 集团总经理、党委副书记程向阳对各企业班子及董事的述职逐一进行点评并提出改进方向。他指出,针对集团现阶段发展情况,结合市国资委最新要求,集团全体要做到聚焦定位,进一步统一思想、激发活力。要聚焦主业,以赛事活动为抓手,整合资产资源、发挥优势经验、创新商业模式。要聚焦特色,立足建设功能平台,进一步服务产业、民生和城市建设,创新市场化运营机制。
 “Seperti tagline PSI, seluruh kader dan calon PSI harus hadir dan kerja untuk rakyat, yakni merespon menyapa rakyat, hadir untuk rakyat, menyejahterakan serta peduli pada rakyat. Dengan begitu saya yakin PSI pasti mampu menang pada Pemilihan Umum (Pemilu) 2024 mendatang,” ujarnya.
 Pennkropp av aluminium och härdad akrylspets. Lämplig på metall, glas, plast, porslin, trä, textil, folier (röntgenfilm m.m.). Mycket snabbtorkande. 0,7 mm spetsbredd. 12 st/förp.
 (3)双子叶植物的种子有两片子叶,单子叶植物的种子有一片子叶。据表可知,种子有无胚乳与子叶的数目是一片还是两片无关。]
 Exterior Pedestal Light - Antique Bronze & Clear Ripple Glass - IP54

○ ○ ○ ○ ○ ○ ○

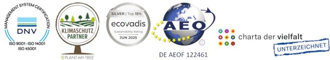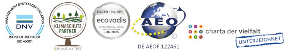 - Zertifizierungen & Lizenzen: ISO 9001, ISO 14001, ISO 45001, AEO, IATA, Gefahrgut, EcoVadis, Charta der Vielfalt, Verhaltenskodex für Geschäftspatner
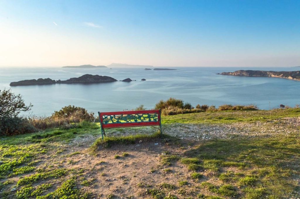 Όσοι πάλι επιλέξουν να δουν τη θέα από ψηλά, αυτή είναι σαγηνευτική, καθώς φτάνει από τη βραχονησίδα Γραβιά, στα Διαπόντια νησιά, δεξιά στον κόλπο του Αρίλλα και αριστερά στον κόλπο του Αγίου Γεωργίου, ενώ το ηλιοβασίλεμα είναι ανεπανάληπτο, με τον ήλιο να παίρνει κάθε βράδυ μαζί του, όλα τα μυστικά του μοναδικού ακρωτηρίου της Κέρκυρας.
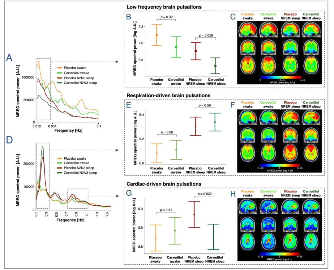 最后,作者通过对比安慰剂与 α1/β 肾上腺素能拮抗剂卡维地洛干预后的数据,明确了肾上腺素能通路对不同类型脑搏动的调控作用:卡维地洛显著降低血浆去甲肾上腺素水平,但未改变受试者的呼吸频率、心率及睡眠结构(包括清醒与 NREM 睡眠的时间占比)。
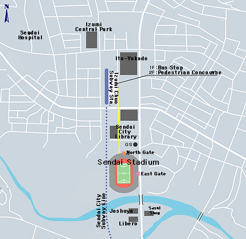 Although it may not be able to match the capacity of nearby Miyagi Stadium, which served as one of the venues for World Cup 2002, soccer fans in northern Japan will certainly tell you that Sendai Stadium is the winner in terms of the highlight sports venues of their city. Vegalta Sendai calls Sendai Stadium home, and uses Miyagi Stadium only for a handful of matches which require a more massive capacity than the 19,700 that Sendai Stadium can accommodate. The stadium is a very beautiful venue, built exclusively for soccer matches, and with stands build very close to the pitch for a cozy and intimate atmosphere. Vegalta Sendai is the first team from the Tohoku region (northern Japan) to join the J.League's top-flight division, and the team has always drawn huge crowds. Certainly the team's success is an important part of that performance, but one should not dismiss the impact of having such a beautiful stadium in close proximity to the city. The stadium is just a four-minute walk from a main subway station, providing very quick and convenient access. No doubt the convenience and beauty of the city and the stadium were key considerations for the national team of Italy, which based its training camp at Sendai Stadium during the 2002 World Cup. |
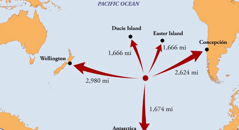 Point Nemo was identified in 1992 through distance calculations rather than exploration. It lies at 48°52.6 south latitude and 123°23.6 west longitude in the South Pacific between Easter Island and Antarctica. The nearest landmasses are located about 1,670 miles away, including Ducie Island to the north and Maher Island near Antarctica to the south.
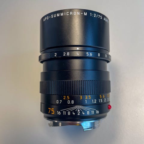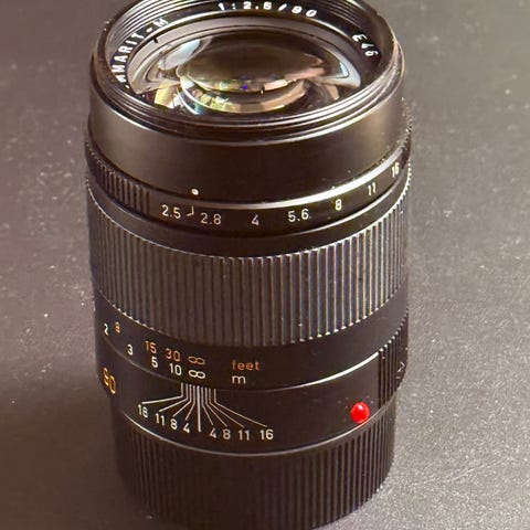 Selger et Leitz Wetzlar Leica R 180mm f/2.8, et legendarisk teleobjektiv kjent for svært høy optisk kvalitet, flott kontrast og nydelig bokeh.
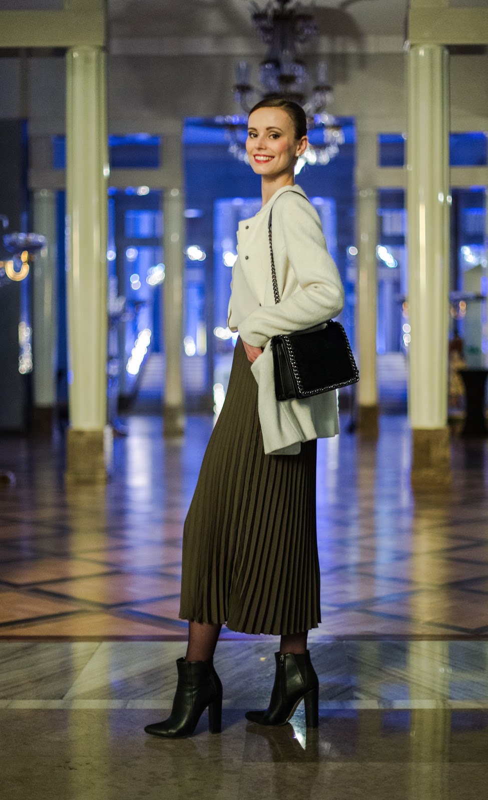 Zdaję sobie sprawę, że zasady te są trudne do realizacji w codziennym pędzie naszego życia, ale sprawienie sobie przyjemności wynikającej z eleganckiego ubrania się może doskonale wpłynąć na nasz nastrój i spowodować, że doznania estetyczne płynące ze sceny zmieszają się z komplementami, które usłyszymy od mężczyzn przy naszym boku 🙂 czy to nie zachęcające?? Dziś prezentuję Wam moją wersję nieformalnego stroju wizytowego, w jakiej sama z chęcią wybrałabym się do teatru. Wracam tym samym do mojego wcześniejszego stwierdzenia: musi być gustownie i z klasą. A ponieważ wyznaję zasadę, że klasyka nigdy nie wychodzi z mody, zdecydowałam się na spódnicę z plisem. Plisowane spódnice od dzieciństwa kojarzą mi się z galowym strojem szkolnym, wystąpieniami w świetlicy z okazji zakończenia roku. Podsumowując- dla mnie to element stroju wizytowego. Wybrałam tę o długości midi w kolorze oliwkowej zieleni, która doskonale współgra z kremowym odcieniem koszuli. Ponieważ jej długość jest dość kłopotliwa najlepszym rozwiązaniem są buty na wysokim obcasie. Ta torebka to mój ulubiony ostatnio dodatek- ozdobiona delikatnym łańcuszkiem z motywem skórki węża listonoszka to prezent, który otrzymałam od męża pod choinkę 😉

○ ○ ○ ○ ○ ○ ○

Beginning with the line that has "集团总经理、党委副书记程向阳" and ending with the line that has "Exterior Pedestal Light", set down the lines above exactly and include no others.

**TASK OUTPUT**:
 集团总经理、党委副书记程向阳对各企业班子及董事的述职逐一进行点评并提出改进方向。他指出,针对集团现阶段发展情况,结合市国资委最新要求,集团全体要做到聚焦定位,进一步统一思想、激发活力。要聚焦主业,以赛事活动为抓手,整合资产资源、发挥优势经验、创新商业模式。要聚焦特色,立足建设功能平台,进一步服务产业、民生和城市建设,创新市场化运营机制。
 “Seperti tagline PSI, seluruh kader dan calon PSI harus hadir dan kerja untuk rakyat, yakni merespon menyapa rakyat, hadir untuk rakyat, menyejahterakan serta peduli pada rakyat. Dengan begitu saya yakin PSI pasti mampu menang pada Pemilihan Umum (Pemilu) 2024 mendatang,” ujarnya.
 Pennkropp av aluminium och härdad akrylspets. Lämplig på metall, glas, plast, porslin, trä, textil, folier (röntgenfilm m.m.). Mycket snabbtorkande. 0,7 mm spetsbredd. 12 st/förp.
 (3)双子叶植物的种子有两片子叶,单子叶植物的种子有一片子叶。据表可知,种子有无胚乳与子叶的数目是一片还是两片无关。]
 Exterior Pedestal Light - Antique Bronze & Clear Ripple Glass - IP54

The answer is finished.